Using the Spark DataFrame API
A DataFrame is a distributed collection of data organized into named
columns. It is conceptually equivalent to a table in a relational
database or a data frame in R or in the Python pandas
library. You can construct DataFrames from a wide array of sources,
including structured data files, Apache Hive tables, and existing Spark
resilient distributed datasets (RDD).
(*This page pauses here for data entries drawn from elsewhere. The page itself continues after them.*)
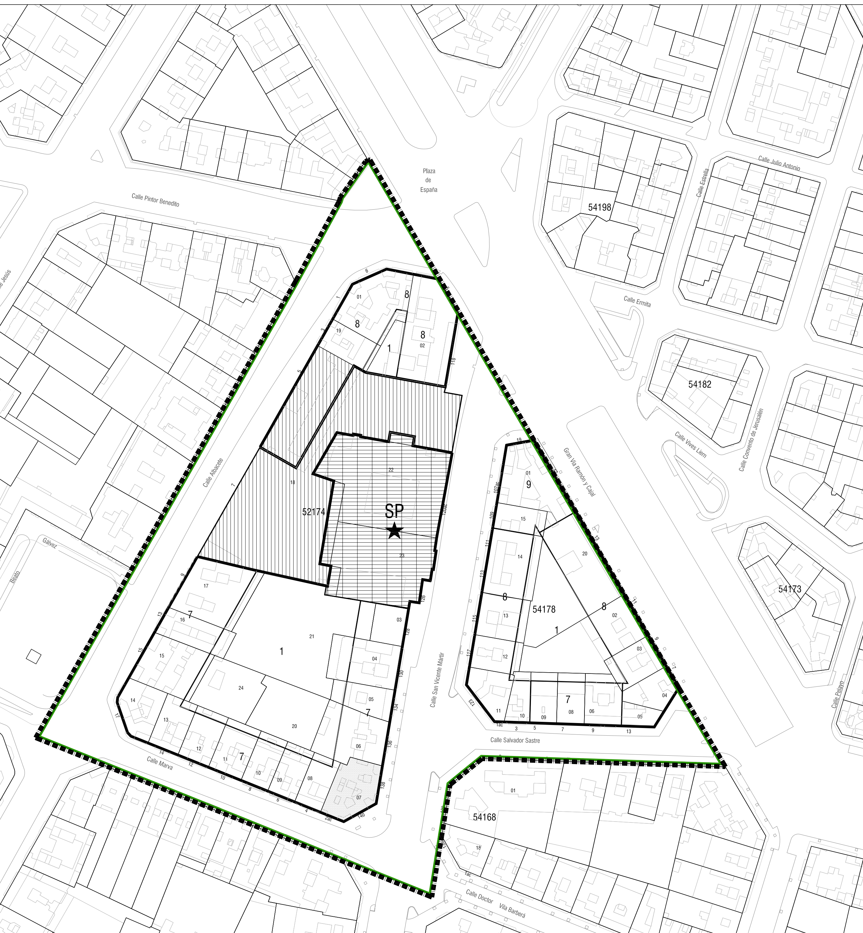
I-01c RÉGIMEN URBANÍSTICO E: 1/1000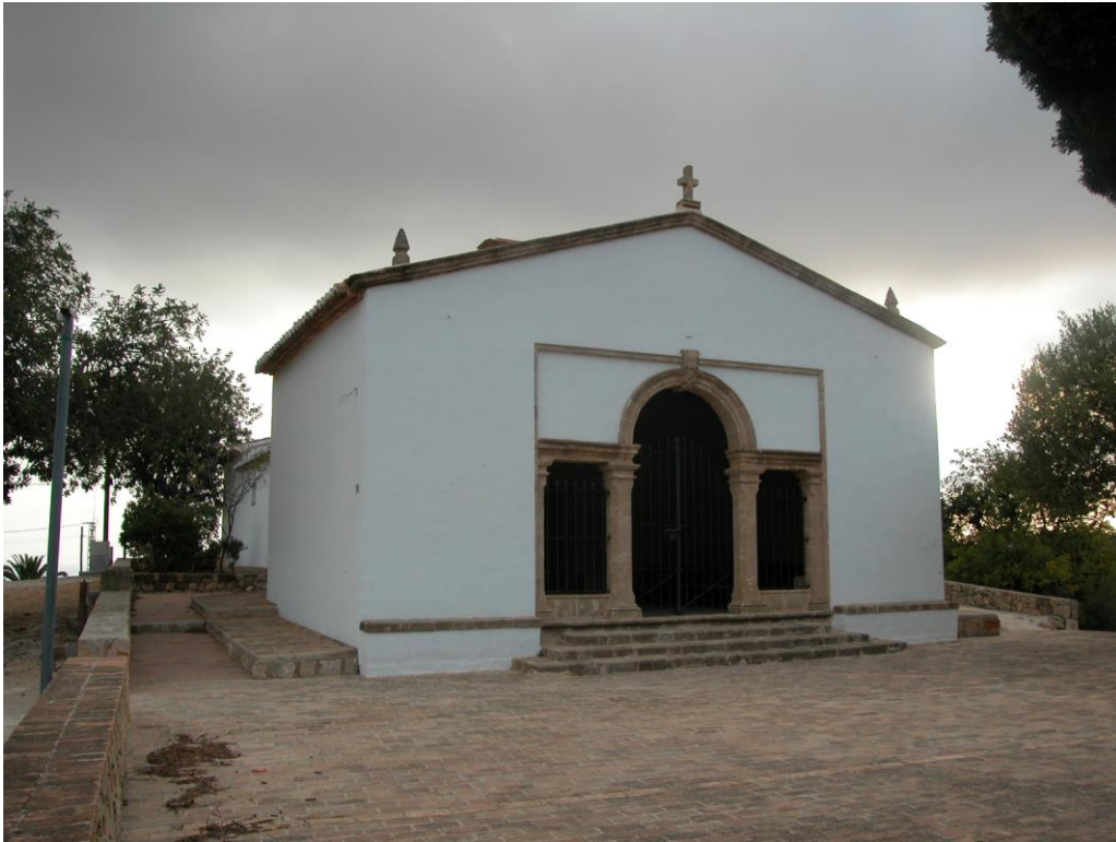
FOTO 3. ERMITA DE SANT JOAN. FACHADA SUR.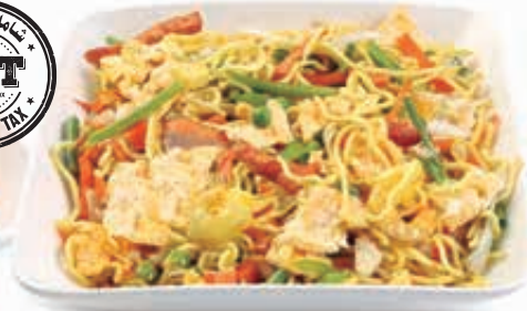
معكرونه مشكل MIX NOODLES Dhs. 19/26.50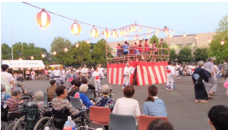
東郷苑での盆踊り風景

愛厚ホーム東郷苑は、昭和39年に開所した県下で最も歴史のある特別養護老人ホーム(入所定員103名・短期入所7名)です。平成3年の改築の際には天皇皇后両陛下行啓されています。平成26年には認知症対応型のデイサービスセンター(東郷庵)を開設し、平成31年には、東郷町より東郷町南部地域包括支援センター東郷苑を受託しました。地域に密着したサービスを展開することにより共生社会を目指した取り組みを行っています。当苑の日常の様子はホームページにブログを定期的にアップしていますのでぜひご覧になってください。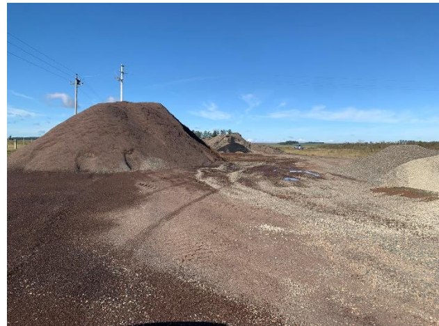
Foto 12.1-8, P05. Obrador, acopio de áridos permanecen en el predio.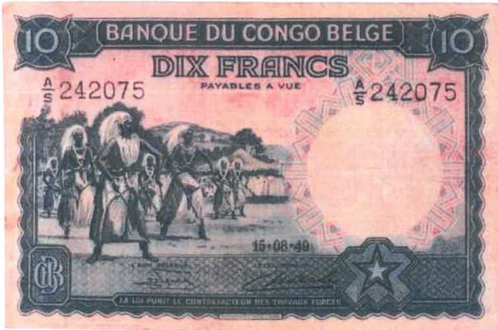
Ishusho y'Intore ku noti y'amafaranga 10 yashyizweho ku itariki 15/08/1949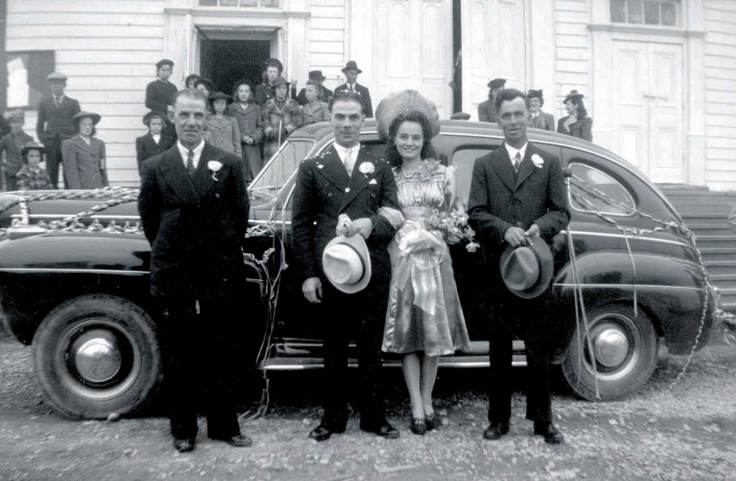
Les trois couples de mariés (sœurs Leblanc) prennent place dans de belles décapotables « Monack », une gracieuseté du garage Bert Dimock, 7 juillet 1956, New Richmond.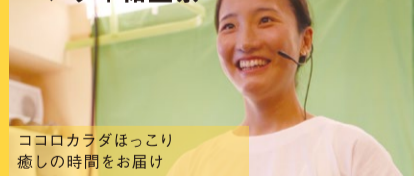
ココロカラダほっこり癒しの時間をお届け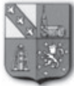
L'Hopital / Frankreich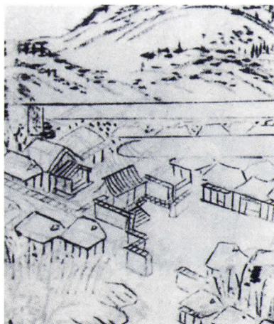
▲『筑前名所図会』にある山家の御茶屋

御茶屋の敷地には、腰掛、厩、御道具藏、井戸、池があり、番所が三ヶ所あって御茶屋を警護していました。御茶屋は、街道よりも高台に建てられており、御茶屋のまわりには下代の屋敷が建ち並び、御茶屋の裏門は、代官所や下代屋敷に通じていました。

The Spark DataFrame API is
available in Scala, Java, Python, and R.
This section provides examples of DataFrame API use.
To list JSON file contents as a DataFrame:
- Upload the
people.txt
andpeople.json
example files to your object store:hdfs dfs -put people.txt people.json s3a://<bucket_name>/
- Launch the Spark
shell:
spark-shell --conf "spark.yarn.access.hadoopFileSystems=s3a://<bucket_name>/"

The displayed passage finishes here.